The Goblin Emperor
An apparent accident with an airship has led to the death of powerful elven emperor and his immediate successors – these elves apparently do not follow the British tradition that says that monarch and heir or similar combinations should not travel by air together. Suddenly, then, to his own great surprise and the outrage of most of the remainder of the court, a young half-goblin called Maia, the only child of the tragic fourth wife of the previous emperor, ascends to the throne. Having been held in little regard by the court (there is also a suggestion of discrimination which is not outwardly mentioned in a world of glacial, deeply bourgeois manners and mannerisms), the new emperor is utterly unprepared for this change of lifestyle. He had been raised in an abusive household with an unloved and unlovely guardian and lacked basic knowledge about the empire, not to mention the poise and ability to converse with his subjects that might have been expected of him. Learning how to acquire this burnish, savoir faire and ability to survive in what turns out to be quite a dangerous environment forms the main content of this thoroughly entertaining novel. Presumably, this being the fantasy genre, the author is planning a series of such books and, if so, I would be happy to read more of them.

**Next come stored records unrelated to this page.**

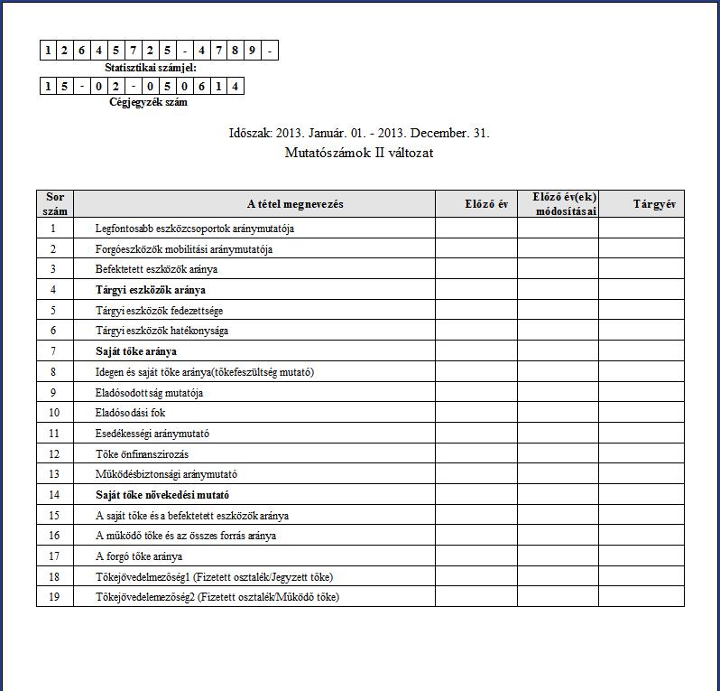 Programunkban elkészíthetőek a kiegészítő melléklethez szükséges mutatószámok. Ehhez a Zárás-nyitás / Mutatószámok / Mutatószámok II menüpontot kell lefuttatni.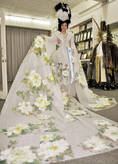 2010全球生態(tài)旅游小姐決賽24日在南京舉行,數(shù)十名佳麗參賽,臺(tái)灣實(shí)踐大學(xué)服裝設(shè)計(jì)系學(xué)生林育如,身著一襲以臺(tái)北花博萬華區(qū)區(qū)花白牡丹為意象設(shè)計(jì)的服裝參賽,驚艷全場,拿下最佳生態(tài)旅游小姐獎(jiǎng),林育如26日載譽(yù)返臺(tái),在高雄家鄉(xiāng)展示參賽服裝。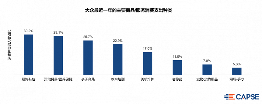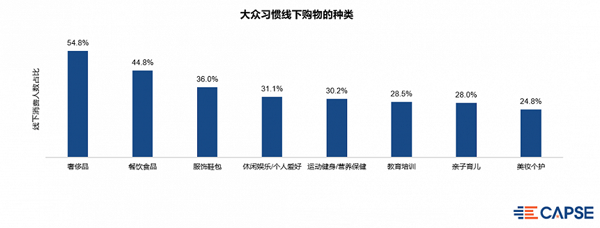 服饰鞋包、健身/保健、亲子育儿是大众消费的主要商品/服务。除了吃住保障外,服饰鞋包、健身/保健、亲子育儿是大众的三类主要商品/服务消费支出。4成消费者购物基本依赖线上渠道,45%的消费者线上和线下渠道兼用。整体来看,85%的消费者平常购物依赖线上渠道,尤其是有40%的消费者购物几乎全部依赖上线渠道。大部分消费者仍习惯在线下购买奢侈品。对于奢侈品和餐饮食品,习惯在线下购买的消费者相对较多;对于服饰鞋包、休闲娱乐/个人爱好、运动/保健、教育培训、亲子育儿、美妆个护等,大部分人习惯在线上渠道消费。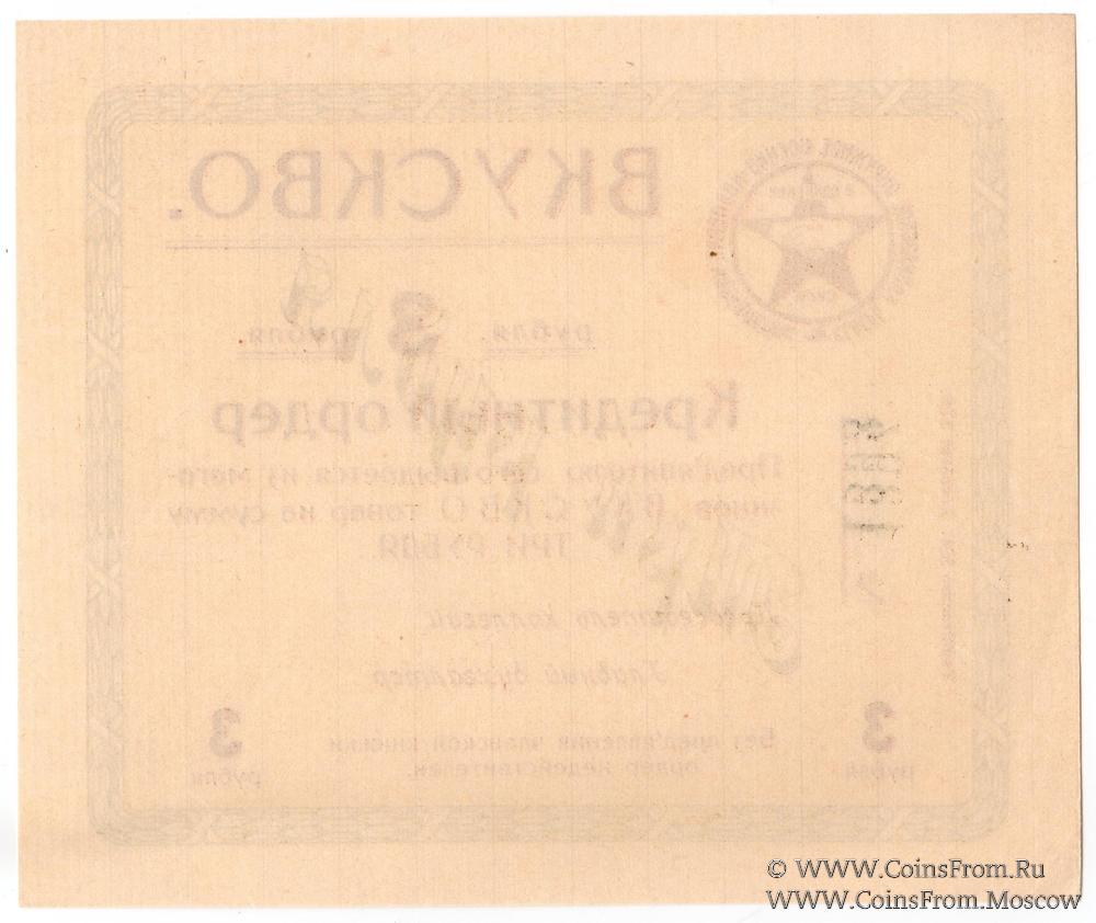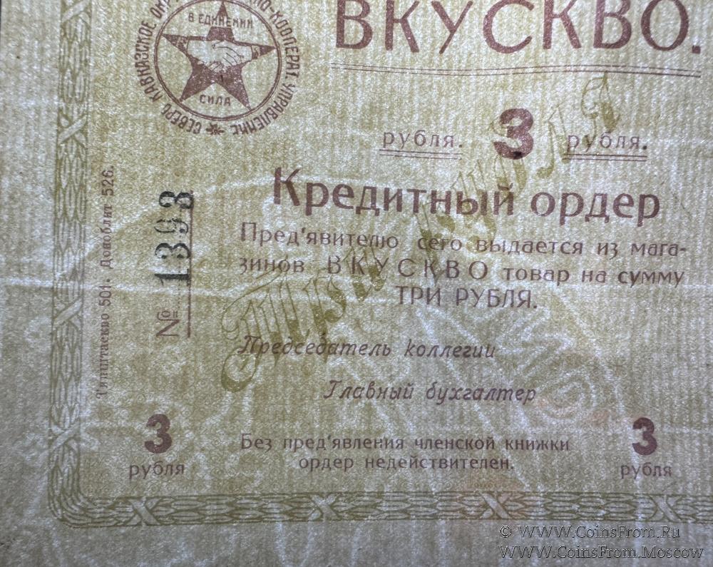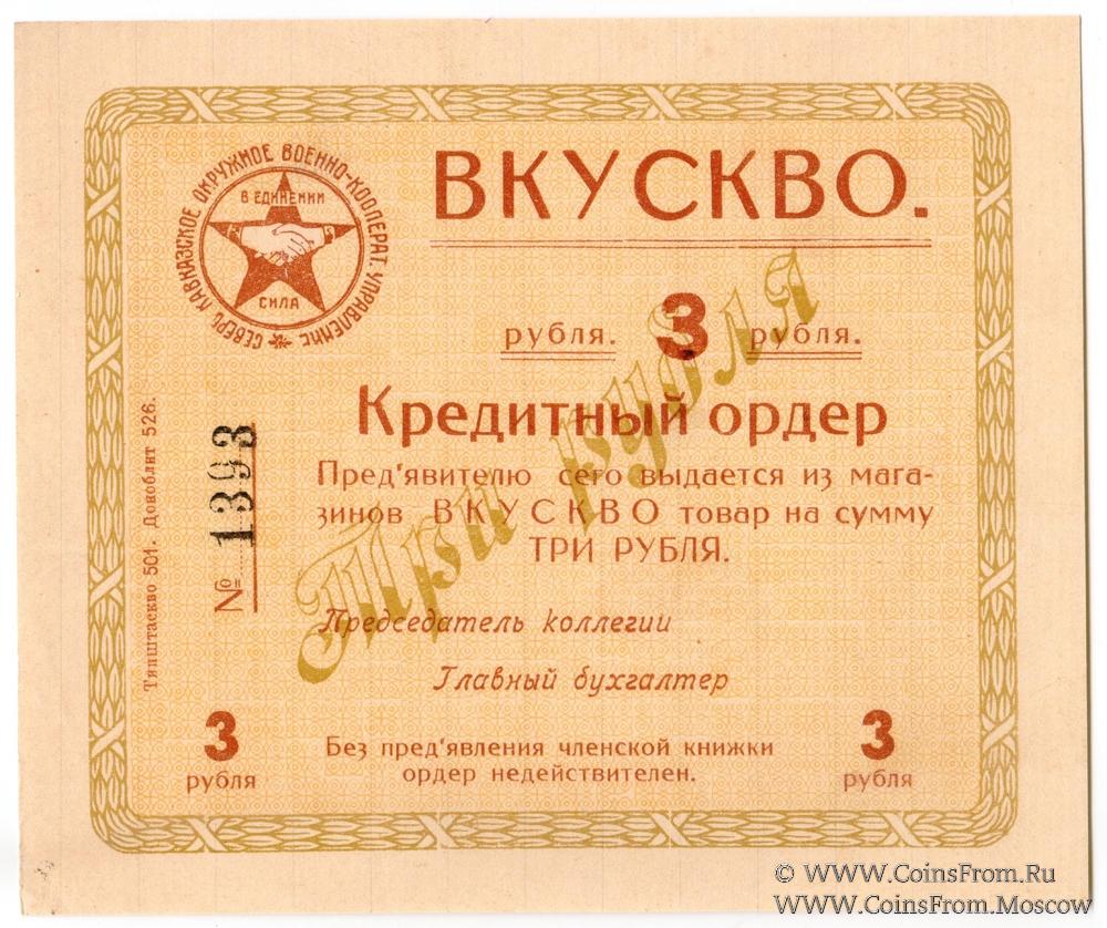 Кредитный ордер без даты. Бланк. Элементы водяного знака. Северо-Кавказское Окружное Военно-Кооперативное Управление (ВКУ СКВО).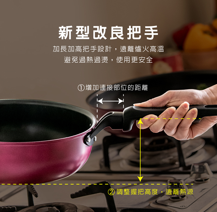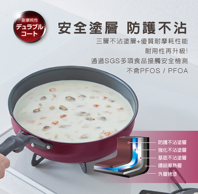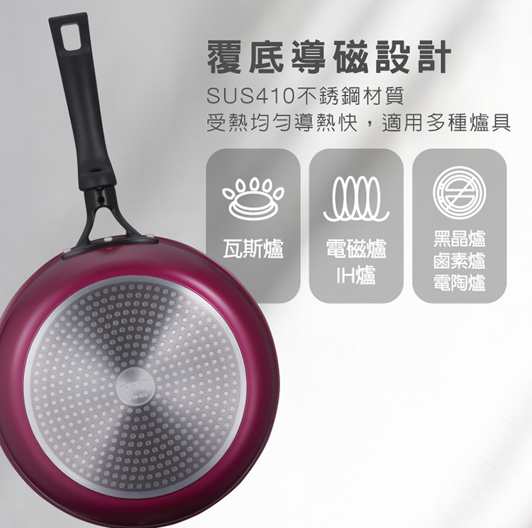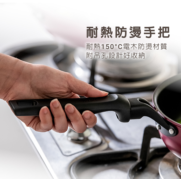 鍋身本體:鋁合金、鍋身外層:烤漆、鍋身底部:SUS410不銹鋼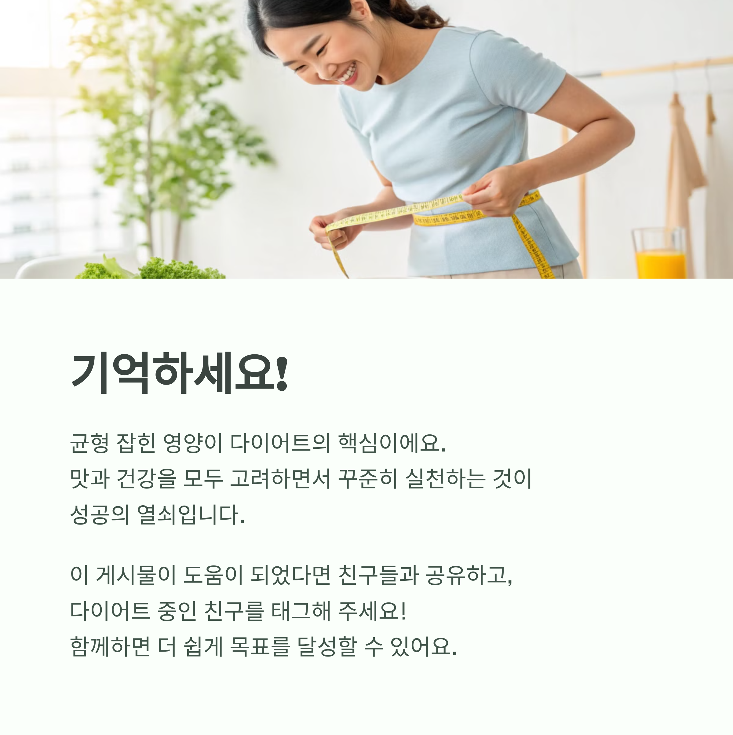 오늘 소개한 레시피처럼 간단하고 맛있는 식단으로 건강하게 체중 조절을 시작해보세요.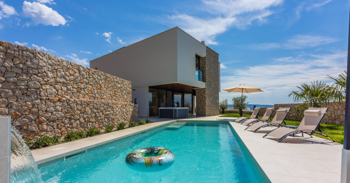 Near the popular sandy beach of Crikvenica, in a villa district, surrounded by Mediterranean plants and untouched nature, is this dreamy five star holiday villa with its own swimming pool and whirlpool, which is designed for 8+2 people.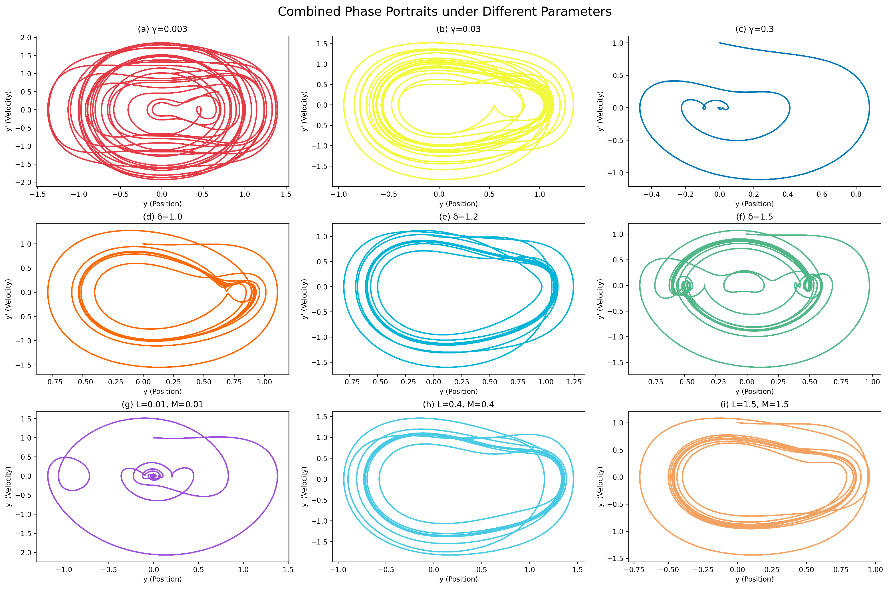 Figure 9. Phase-space trajectories of DM-CQDO under varying system parameters. (ac) Evolution of attractors with increasing damping coefficients γ = 0.003 , 0.03 , and 0.3 , respectively, illustrating the suppression of oscillatory behavior. (df) Influence of the parametric excitation frequency δ = 1.0 , 1.2 , and 1.5 , highlighting its role in destabilizing or sustaining periodic orbits. (gi) Effect of increasing nonlinear stiffness parameters ( L , M ) = ( 0.01 , 0.01 ) , ( 0.4 , 0.4 ) , and ( 1.5 , 1.5 ) , showing transitions from near linear to strongly nonlinear regimes. The trajectories are plotted in the phase plane ( y , y ) for fixed initial conditions, emphasizing the emergence of multi-stable behavior.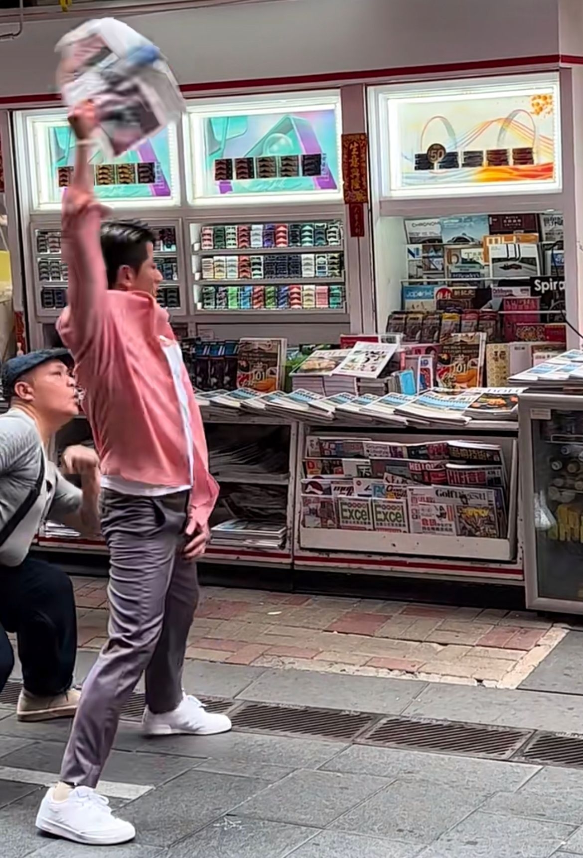 從網民拍攝的畫面中可見,郭富城身穿白色背心配搭粉紅色外套,下身穿上皮褲,站在一間報紙檔買報紙,買完後突然拿著報紙大騷舞技,而身旁的老闆在看見郭富城後,表情非常驚訝,然後兩人更一同跳起舞來,非常搞笑!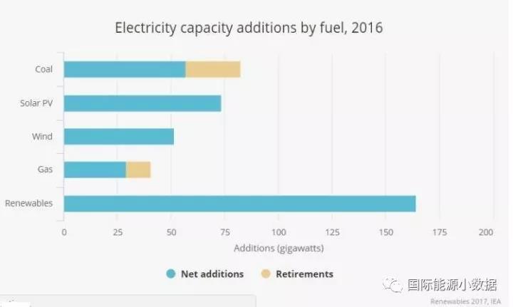 國際能源署發(fā)布2017年可再生能源報(bào)告,確認(rèn)2016年全球新增可再生能源裝機(jī)165吉瓦,其中太陽能光伏裝機(jī)達(dá)到74吉瓦(約46%來自中國),首次超過煤電新增裝機(jī)(57吉瓦)。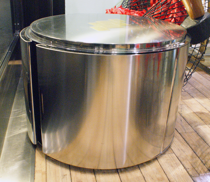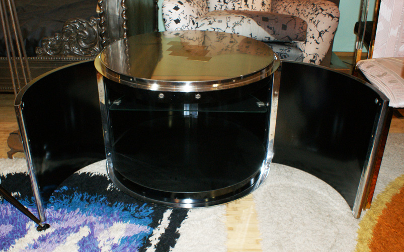 Tavolino bar di METALLARTE, Italia anni ’70. Tavolino a tamburo in acciaio e ottone con vano bar apribile nascosto da due ante a filo. Ripiano interno a mezzaluna in cristallo temperato. Dimesioni: cm 69 (diametro) x 51 H

The elven empire is based quite strongly on the historical Chinese empire of about the Sung dynasty in vintage, albeit with the addition of some steampunk-like technology, mostly in the field of communications. Gender relations in the aristocracy, for example, are comparable, although in China Maia would have been considered something of a late-starter and his father would have been expected to have an extensive harem of wives in various categories and additional concubines. The nature of the imperial household and the work that was expected of the emperor also rings true, more or less. There are some delightful additions drawn from the elfishness of things, such as the telltale signs of emotion given away by twitching of the ears. Formal names are also pleasing, since they contain an apparent wealth of meaning (although they are not explained). For example, the previous emperor was known as Varenchibel, while Maia takes the regnal name Edrehasivar VII Drazhar and occupies the court Untheileneise. It is there that he entertains the Great Avar of Barizhan, who is the leader of the Xi Xia to Maia’s China. I would anticipate seeing more of him and his people in the future. Presumably, having established himself as the legitimate emperor, Maia will be required to look outside of the court and deal with foreign relations, warfare and natural disasters and so forth.
The writing of the prose is consistently done and has a certain poetry to it, particularly the dialogue, although I would have liked to have seen more of the discourse and conversation informed by cultural phenomena (e.g. poetry, legends) as would have been engineered by the great Dorothy Dunnett. Tastes would vary in this regard, since many readers would find the text forbidding as a result. There is also a slight issue, to my mind, as to how Maia arrives at the epiphanies that help him navigate the court, since these seem quite easily come by without sufficient suffering or intellectual struggle. However, this is a minor issue and the book itself I can heartily recommend.